Surface-Enhanced Raman Spectroscopy (SERS), a technique that helps scientists detect tiny amounts of substances, is used for checking pollutants in our environment and the food we eat. However, using this method can be tricky because sometimes other substances can interfere. To overcome these challenges, scientists are working on better ways to prepare samples and analyse the data with a quick and easy way to find harmful pollutants called PFOSA in human urine, soil, and water using a fish scale-based substrate. This remarkable research titled, “Ag nanoparticle-embedded fish scales as SERS substrates for sensitive detection of forever chemical in real samples” by Professors from the Department of Chemistry, Dr J P Raja Pandiyan and Dr Anil K Suresh, along with their research scholars, Ms Jayasree K and Ms Arunima J, have opened up new avenues, demonstrating a significant advancement in the field of chemistry.
Abstract:
Surface-enhanced Raman spectroscopy (SERS) has emerged as one of the most promising analytical tools in recent years due to its advantageous features such as high sensitivity, specificity, ease of operation, and rapid analysis. These attributes make SERS particularly well-suited for environmental and food analysis. However, detecting target analytes in real samples using SERS faces several challenges, including matrix interference, low analyte concentrations, sample preparation complexity, and reproducibility issues. Additionally, the chemical complexity of pollutants and environmental factors can impact SERS measurements. Overcoming these hurdles demands optimised experimental conditions, refined sample preparation methods, and advanced data analysis techniques, often necessitating interdisciplinary collaborations for effective analysis. Therefore, our focus lies in the development of various methods for fabricating SERS substrates, pretreating analytes, and devising sample preparation strategies. These efforts aim to enable the detection of analytes like Perfluorooctane sulfonamide (PFOSA) – a toxic environmental pollutant within complex real samples, including human urine, lake water, and soil samples.
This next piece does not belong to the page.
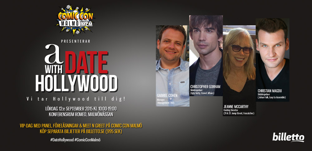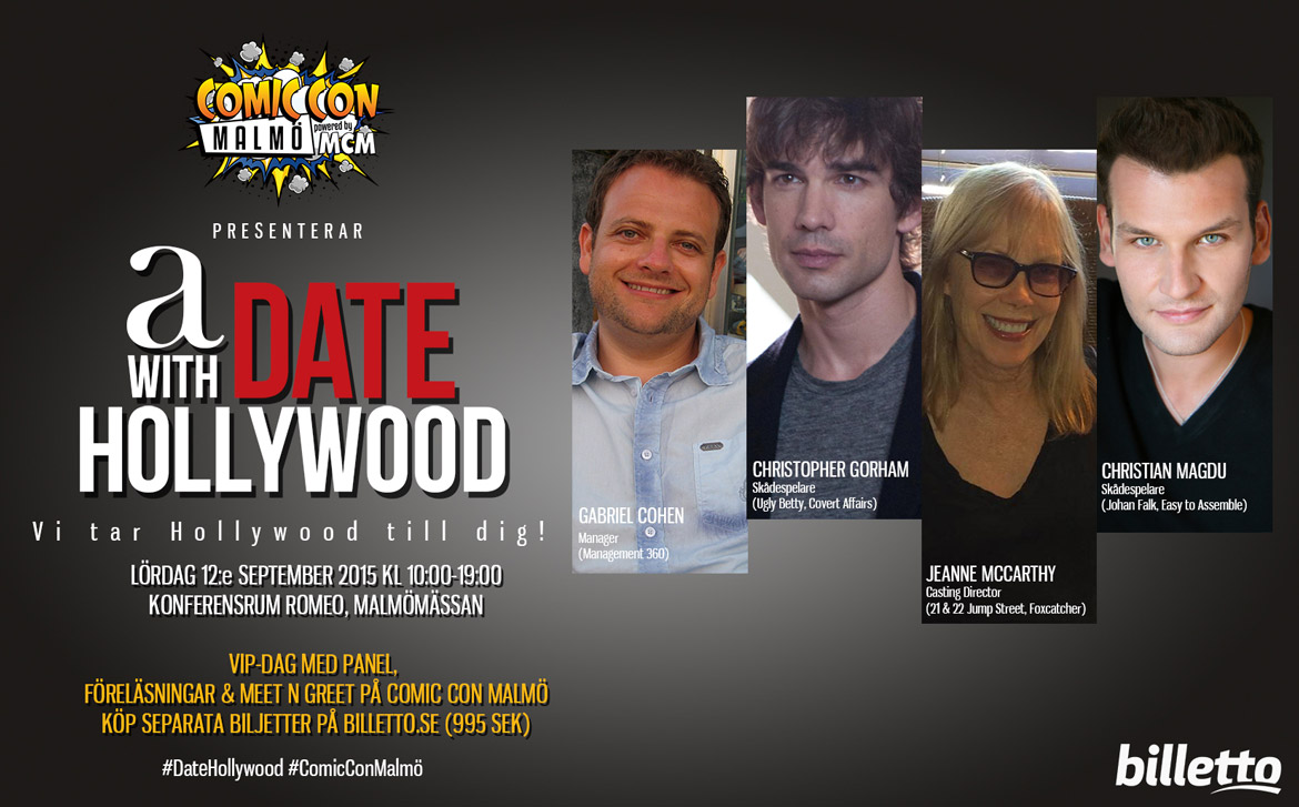 Inför mässan Comic Con Malmö i september, som äger rum för första gången på splitternya Malmömässan, så presenterar Comic Con vårens stora succé A Date with Hollywood igen, med nya, rykande heta gäster ifrån drömfabriken i Hollywood under en särskild VIP-dag. Biljetterna till VIP-dagen kommer att vara begränsade till 100 stycken och även gälla som entrébiljett till själva Comic Con-mässan nästa dag. Du köper din biljett via Billettos hemsida och följer uppdateringar kring eventet på sociala medier under #DateHollywood och #ComicConMalmö.

Practical / Social Implications:
SERS Community: Introducing a facile fabrication method for developing filter paper-based substrates, utilizing evaporation-induced self-assembly methods with the aid of 96-well plates. These substrates boast exceptional sensitivity and uniformity, exhibiting a relative standard deviation (RSD) of 8.2%. They offer easy fabrication and serve as effective SERS substrates for various applications.
Industry and Government Bodies: This invention plays a pivotal role in assessing contamination in food and water bodies, serving as a crucial tool in monitoring
environmental contamination through on-site analysis with portable instruments. It ensures adherence to regulatory standards and safeguards public health.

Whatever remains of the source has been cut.